------ Listed records

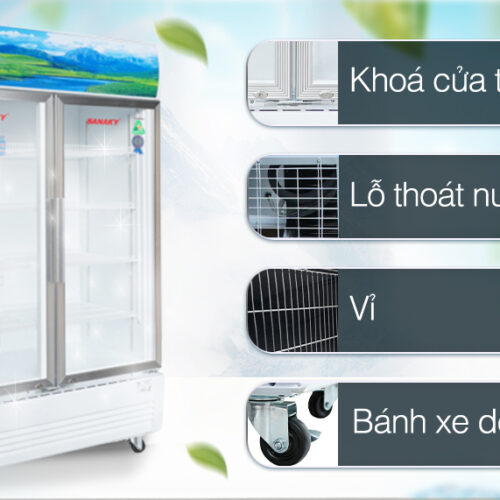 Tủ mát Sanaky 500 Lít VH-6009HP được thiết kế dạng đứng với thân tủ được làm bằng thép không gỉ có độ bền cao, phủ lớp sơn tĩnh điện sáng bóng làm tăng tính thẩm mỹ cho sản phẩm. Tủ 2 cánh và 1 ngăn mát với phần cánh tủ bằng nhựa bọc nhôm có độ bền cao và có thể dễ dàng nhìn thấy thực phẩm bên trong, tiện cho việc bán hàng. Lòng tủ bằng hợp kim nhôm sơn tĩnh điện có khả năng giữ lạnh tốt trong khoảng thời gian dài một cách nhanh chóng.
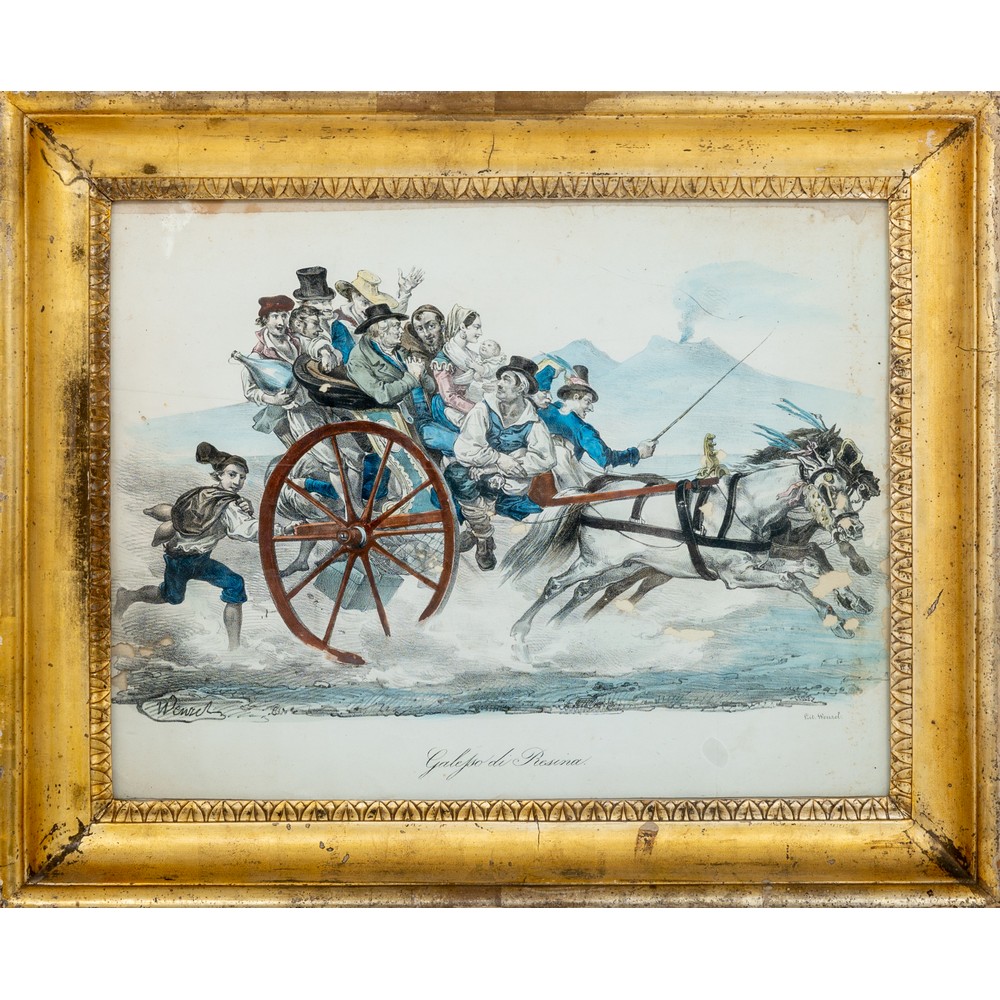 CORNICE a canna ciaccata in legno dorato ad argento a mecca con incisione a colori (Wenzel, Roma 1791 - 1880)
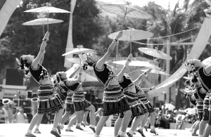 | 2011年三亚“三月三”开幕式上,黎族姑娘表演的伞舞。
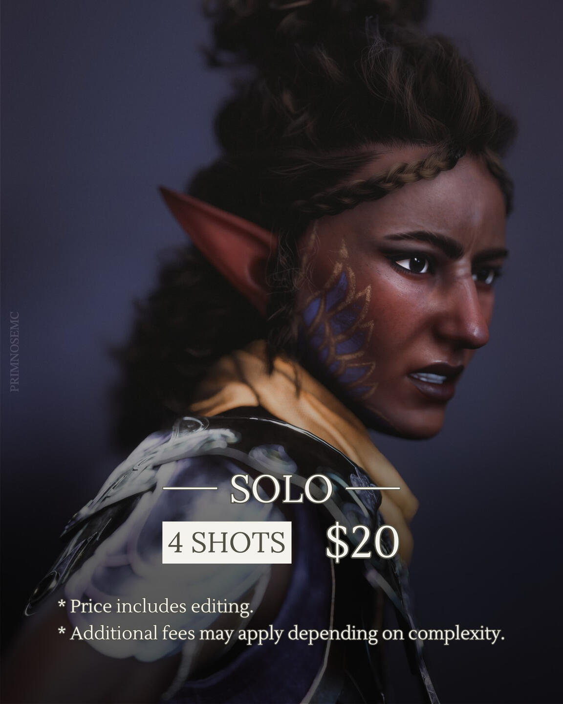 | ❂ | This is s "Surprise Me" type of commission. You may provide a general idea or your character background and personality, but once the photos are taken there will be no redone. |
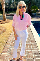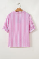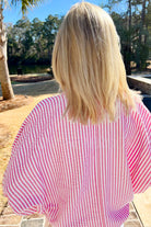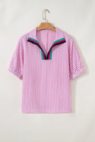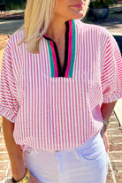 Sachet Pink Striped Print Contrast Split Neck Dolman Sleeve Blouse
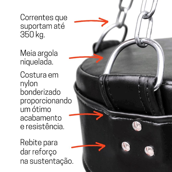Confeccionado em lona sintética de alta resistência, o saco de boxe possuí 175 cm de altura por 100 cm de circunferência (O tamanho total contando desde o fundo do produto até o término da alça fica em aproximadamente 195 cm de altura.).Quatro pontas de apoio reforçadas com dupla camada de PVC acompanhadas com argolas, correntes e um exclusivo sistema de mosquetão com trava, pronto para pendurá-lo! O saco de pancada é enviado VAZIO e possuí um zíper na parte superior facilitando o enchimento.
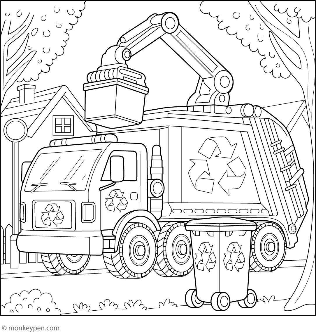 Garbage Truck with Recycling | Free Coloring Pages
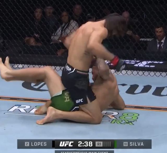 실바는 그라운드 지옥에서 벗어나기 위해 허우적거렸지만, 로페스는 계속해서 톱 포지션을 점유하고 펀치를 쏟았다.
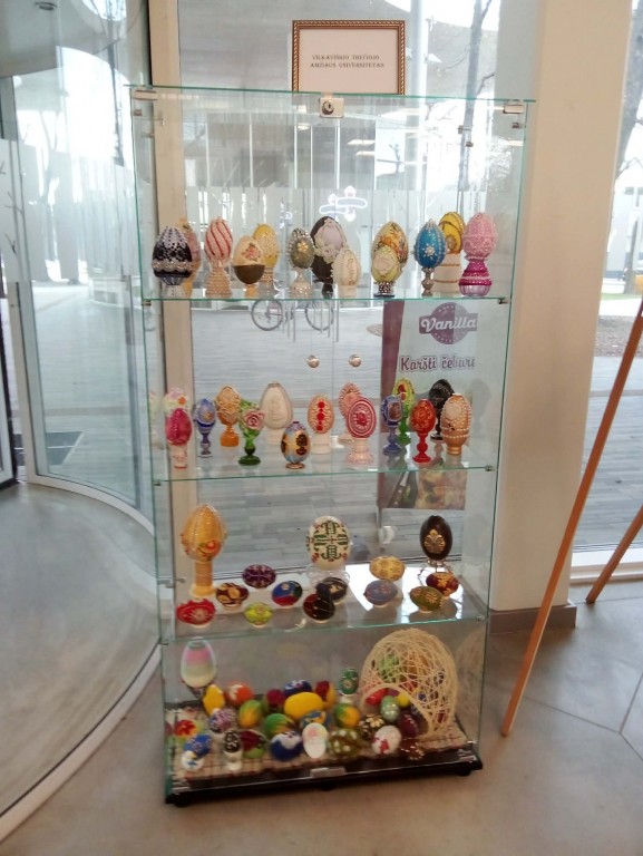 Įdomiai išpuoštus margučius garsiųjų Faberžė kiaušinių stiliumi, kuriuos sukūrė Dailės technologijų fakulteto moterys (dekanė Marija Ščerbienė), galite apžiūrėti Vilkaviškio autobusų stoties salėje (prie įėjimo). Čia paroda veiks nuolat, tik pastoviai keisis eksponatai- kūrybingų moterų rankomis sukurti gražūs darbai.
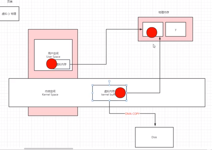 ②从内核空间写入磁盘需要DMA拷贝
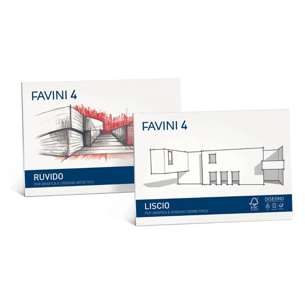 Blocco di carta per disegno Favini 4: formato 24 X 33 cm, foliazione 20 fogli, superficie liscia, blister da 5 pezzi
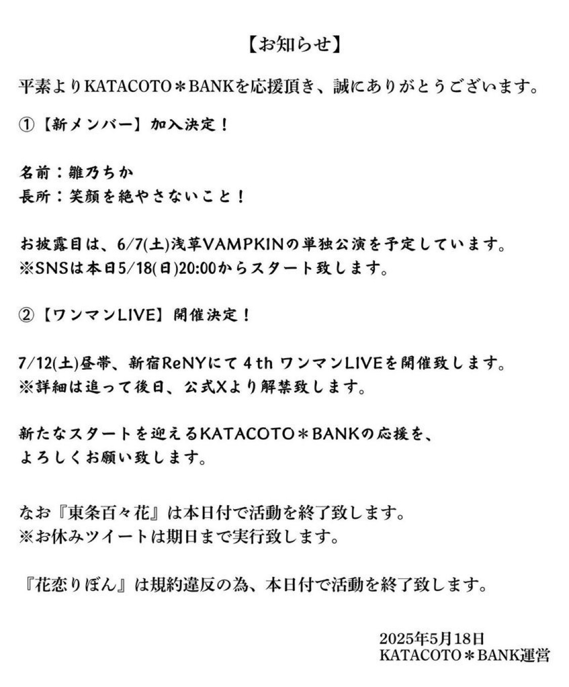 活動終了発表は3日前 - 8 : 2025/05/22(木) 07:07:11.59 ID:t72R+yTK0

------------
------ Listed records

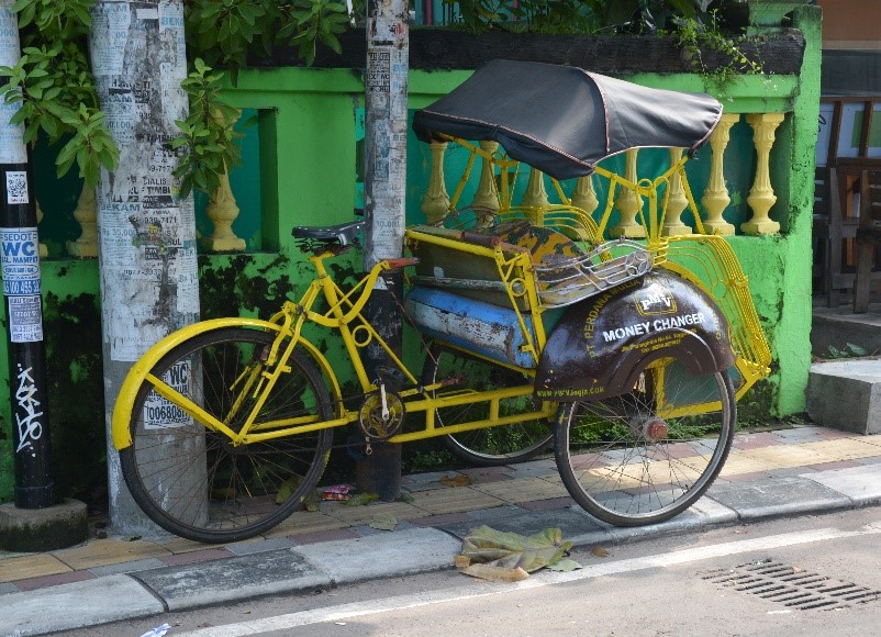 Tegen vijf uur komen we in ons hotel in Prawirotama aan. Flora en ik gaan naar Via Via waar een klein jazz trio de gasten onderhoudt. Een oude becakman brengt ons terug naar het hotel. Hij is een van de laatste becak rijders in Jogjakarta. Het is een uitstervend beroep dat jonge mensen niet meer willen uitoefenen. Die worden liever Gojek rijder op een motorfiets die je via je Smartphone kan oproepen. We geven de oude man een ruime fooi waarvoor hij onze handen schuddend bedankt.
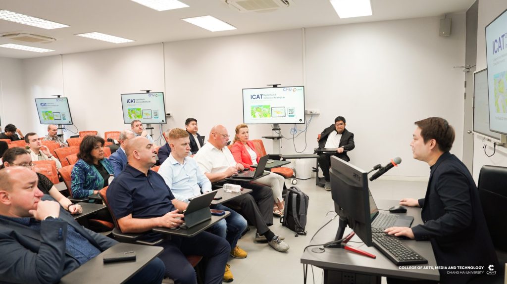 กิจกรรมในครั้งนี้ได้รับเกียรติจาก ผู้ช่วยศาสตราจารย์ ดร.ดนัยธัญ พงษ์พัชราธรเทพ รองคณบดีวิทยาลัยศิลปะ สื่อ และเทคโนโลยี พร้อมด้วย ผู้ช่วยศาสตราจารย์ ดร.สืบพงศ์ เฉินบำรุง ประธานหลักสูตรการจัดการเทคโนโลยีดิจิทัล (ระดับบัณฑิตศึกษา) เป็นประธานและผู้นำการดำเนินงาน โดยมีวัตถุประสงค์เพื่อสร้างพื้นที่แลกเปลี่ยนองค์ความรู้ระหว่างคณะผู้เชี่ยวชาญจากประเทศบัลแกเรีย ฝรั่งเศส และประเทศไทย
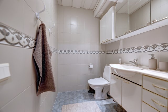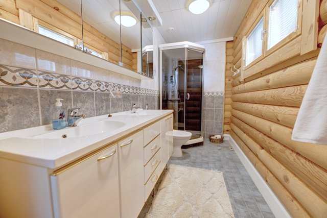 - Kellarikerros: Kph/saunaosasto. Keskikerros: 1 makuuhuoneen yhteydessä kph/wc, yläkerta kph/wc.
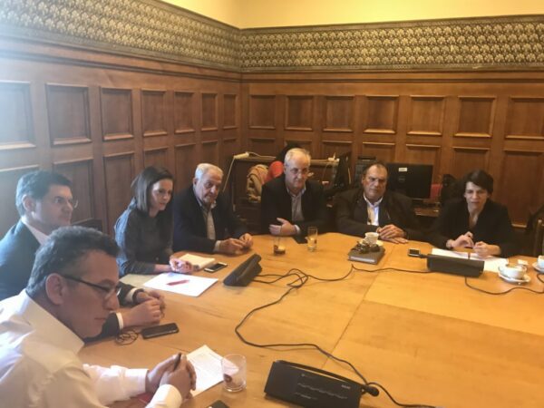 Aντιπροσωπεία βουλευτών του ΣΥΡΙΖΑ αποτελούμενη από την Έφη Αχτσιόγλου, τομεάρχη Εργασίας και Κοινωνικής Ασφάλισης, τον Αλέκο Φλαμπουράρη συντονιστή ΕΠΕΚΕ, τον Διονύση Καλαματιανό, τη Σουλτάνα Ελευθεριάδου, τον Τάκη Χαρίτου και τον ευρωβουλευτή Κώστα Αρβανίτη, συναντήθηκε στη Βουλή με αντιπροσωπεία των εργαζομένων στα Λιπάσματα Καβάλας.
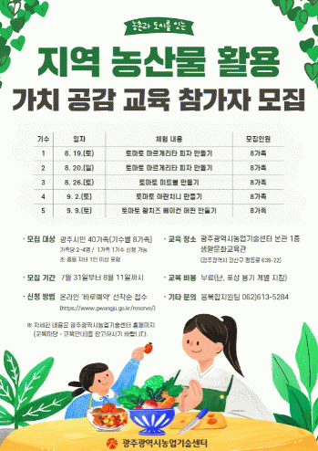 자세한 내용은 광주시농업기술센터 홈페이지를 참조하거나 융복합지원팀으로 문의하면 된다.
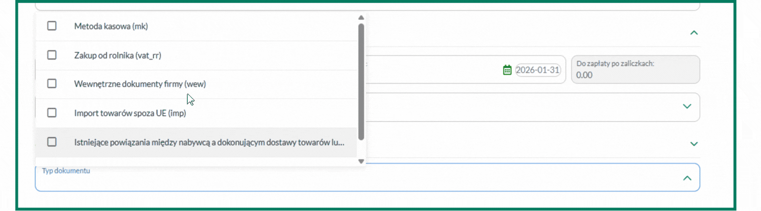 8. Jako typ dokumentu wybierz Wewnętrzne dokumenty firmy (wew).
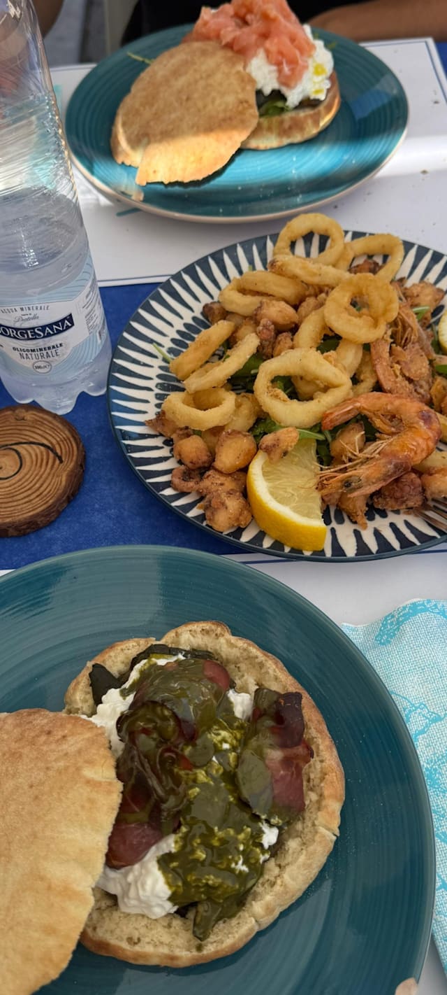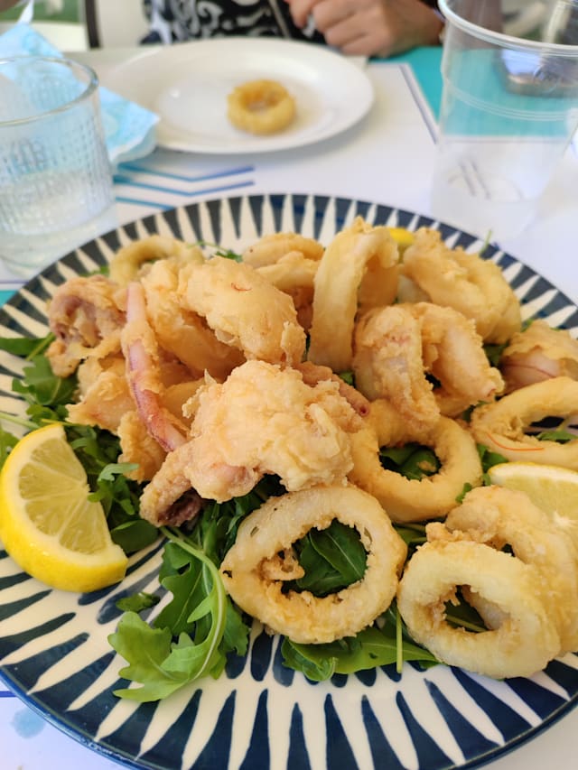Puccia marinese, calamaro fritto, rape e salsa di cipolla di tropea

------------

What is being asked: Within these entries, output exactly the lines starting at the one with "8. Jako typ" and finishing at the one with "Puccia marinese, calamaro". Leave pictures out of the output.

Answer section:
 8. Jako typ dokumentu wybierz Wewnętrzne dokumenty firmy (wew).
Puccia marinese, calamaro fritto, rape e salsa di cipolla di tropea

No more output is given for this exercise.